Semi-quantitative: reverse transcriptase (RT)-PCR for VEGF in human cells
Conventional PCR was used to detect VEGF165 and VEGF165b mRNA. Five-ten percent of the cDNA was added to a reaction mixture containing: 2x PCR Master Mix (Promega), primers (1μM each) complementary to exon 7b (5′-GGC AGC TTG AGT TAA ACG AAC-3′) and the 3’UTR of exon 8b (5′-ATG GAT CCG TAT CAG TCT TTC CTG G-3’) and DNase/RNase free water. All samples were run in parallel with negative controls (water and cDNA without reverse transcriptase (-RT)) and positive controls (VEGF165 in a plasmid expression vector (pcDNA) and VEGF165b pcDNA). The reaction mixture was thermo-cycled (PCR Express, Thermo Electron Coorporation, Basingstoke) 30-35 times, denaturing at 95°C for 60 seconds, annealing at 55°C for 60 seconds and extending at 72°C for 60 seconds. PCR products were separated on 2.5% agarose gels containing 0.5μg/ml ethidium bromide (BioRad) and visualized under an ultraviolet transilluminator (BioRad).
Equal cDNA loading was determined by PCR with GAPDH primers (Forward: 5′-CAC CCA CTC CTC CAC CTT TGA C-3’; Reverse: 5′-GTC CAC CAC CCT GTT GCT GTA G-3’). Primers result in one amplicon at ~112bp after thermo cycling 30 times, denaturing at 94°C for 45 seconds, annealing at 65°C for 45 seconds and extending at 72°C for 60 seconds.
PanVEGF and VEGFxxxb enzyme-linked immunosorbent assay (ELISA)
One μg/ml pan-VEGF capture antibody (Duoset VEGF ELISA DY-293; R&D systems) was incubated overnight at room temperature. The plates were blocked (Superblock; Thermo Scientific) and serial dilutions of recombinant human (rh)VEGF165 or rhVEGF165b standards (ranging from 4ng/ml to 16.25pg/ml) were added, incubated alongside sample lysates, typically diluted 1:10. The plate was incubated for one hour at 37oC with shaking, washed and incubated with 100μl/well of either biotinylated goat anti-human VEGF (0.1μg/ml; R & D systems) or mouse anti-human VEGF165b (0.25μg/ml) for one further hour at 37oC. After washing, 100μl/well of Horseradish Peroxidase (HRP)-conjugated streptavidin (1:200; R&D Systems) was added and plates were left at room temperature for 20 minutes.

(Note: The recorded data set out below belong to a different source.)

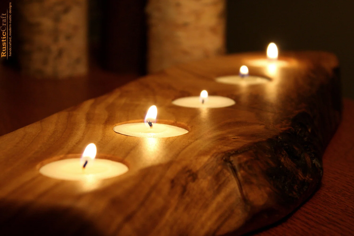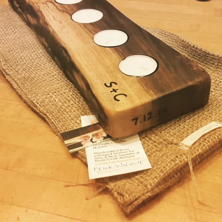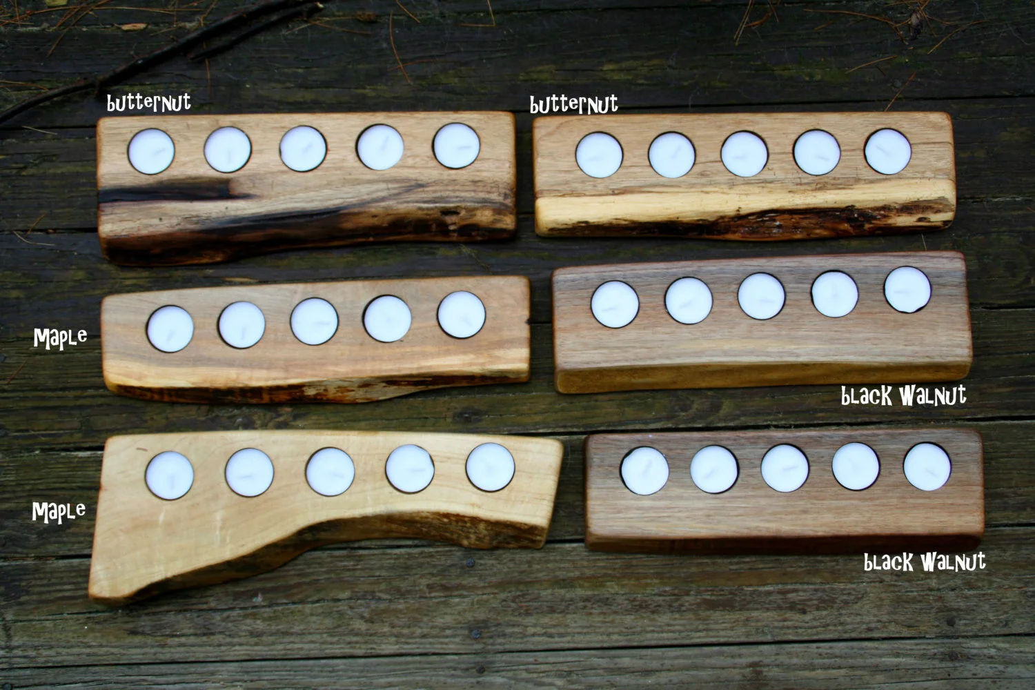 Handcrafted natural live edge wood tea light candle holder for a one of a kind unique gift that everyone can use, add a custom personalization to make it extra special.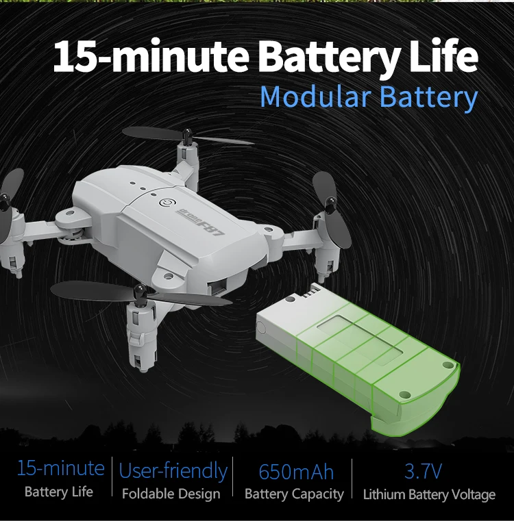 Пункт NO. : F87 Материал: АБС-пластик и электронные компоненты Цвет: черный/белый Версия: с камерой 720, с камерой 4K (опционально) Гироскоп: 6-axis Частота: 2,4G Канал: 4CH Двигатель: 716 щеточный Бессердечный двигатель Батарея: 3,7 в 650 мАч Lipo батарея (входит в комплект) Мощность передатчика: 2 аккумулятора AAA (не входят в комплект) Режим передатчика: режим 2 (левая рука дроссельной заслонки) Время полета: около 15 минут Время зарядки: 90 минут Дистанция RC: 80-100 м Расстояние FPV: 20-30 м Угол обзора камеры: фиксируется на 45 ° 720P версия видео разрешение 720P:1280*720P Разрешение фото 720P:1280*720P вид вниз Камера: 1280*720p 4K версия видео разрешение 4K:2560*1440 Разрешение фото 4K: 4096*3072P вид вниз Камера: 2560*1440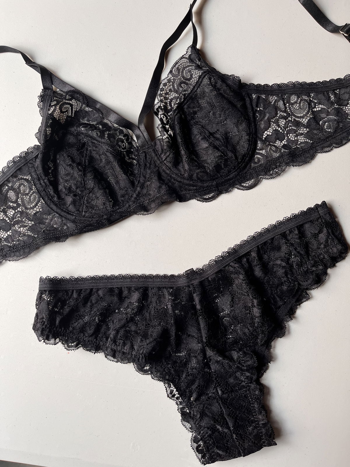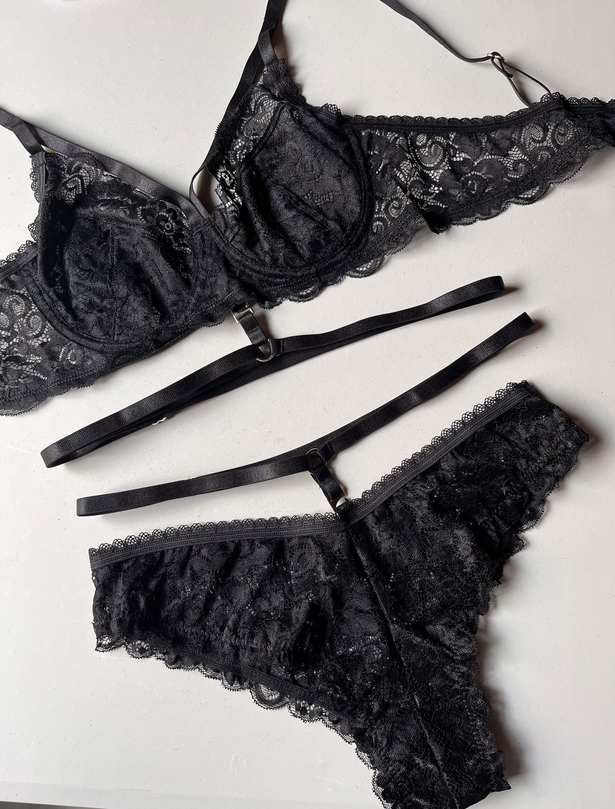 Conjunto de encaje con detalles de arneses desmontables y less en talles 38,40,42 y 44 de pantalón 🙌🏽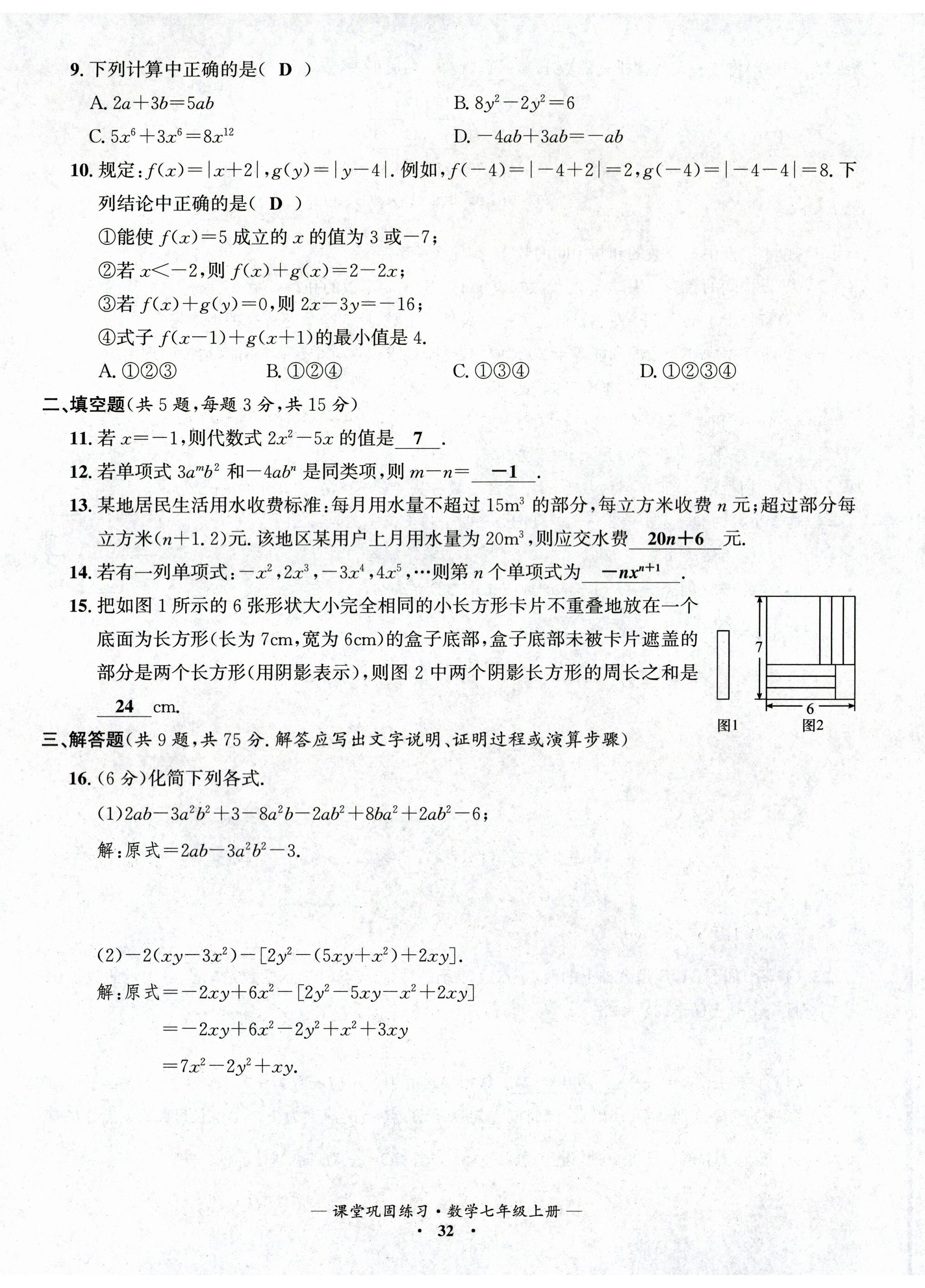 注:目前有些书本章节名称可能整理的还不是很完善,但都是按照顺序排列的,请同学们按照顺序仔细查找。练习册 2025年课堂巩固练习七年级数学上册人教版 答案主要是用来给同学们做完题方便对答案用的,请勿直接抄袭。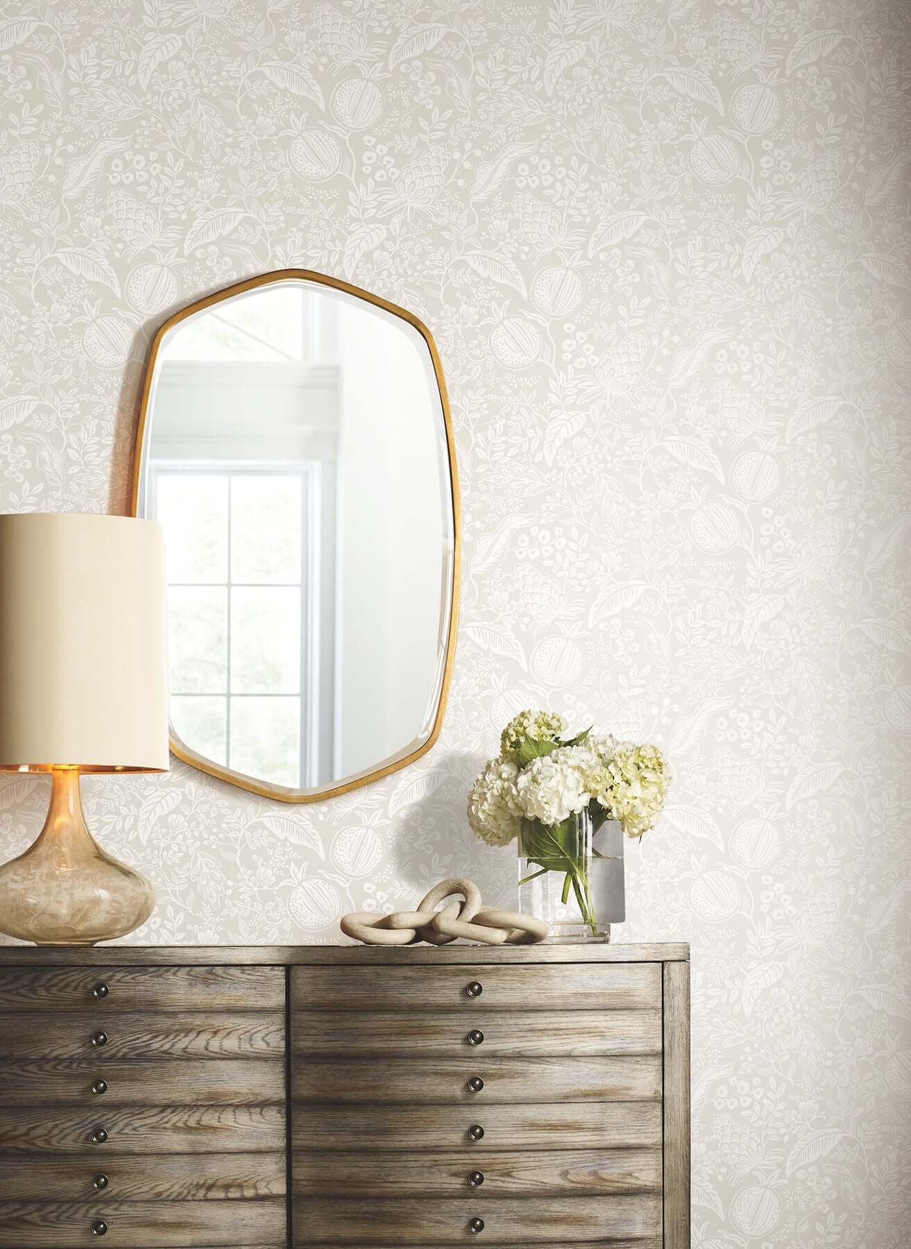 York Rifle Paper Co. Wallcoverings Pomegranate Wallpaper- Beige & White PSW1629RL

The plates were washed and colour change induced with substrate A and B (DY-999; R&D Systems) for 20mins under light protection. The reaction was stopped by addition of 100μl/well of 1M H2SO4 and the absorbance was read immediately in an ELISA plate reader (Dynex Technologies Opsys MR system plate reader) at 450nm with a control reading at 570nm. Revelation Quicklink 4.25 software was also used to calculate a standard curve from mean absorbance values of standards enabling the estimation of VEGF concentration for each sample.
Western Blotting
Subconfluent cells were lysed in RIPA lysis buffer supplemented with Protease Inhibitor cocktail (Sigma). Thirty micrograms of total protein was resuspended in sample buffer, heated at 95°C for 5 min, and subjected to sodium dodecyl sulfatepolyacrylamide gel electrophoresis (SDS-PAGE) under reducing conditions. Subsequently, proteins were electrotransferred for 2 hours at 4°C to polyvinylidene fluoride (PVDF) membranes. The membranes were then exposed to primary antibodies (VEGF A20, 1:1000 2.5% milk (sc-152); anti-VEGFxxxb, (clone 56/1) 1:1000 5% BSA), washed in Tris-buffered saline/0.3% Tween 20, (TBS-T) and incubated with a secondary peroxidase-conjugated antibody at a 1:10,000 dilution. Signals were detected by enhanced chemoluminescence (ECL) substrate.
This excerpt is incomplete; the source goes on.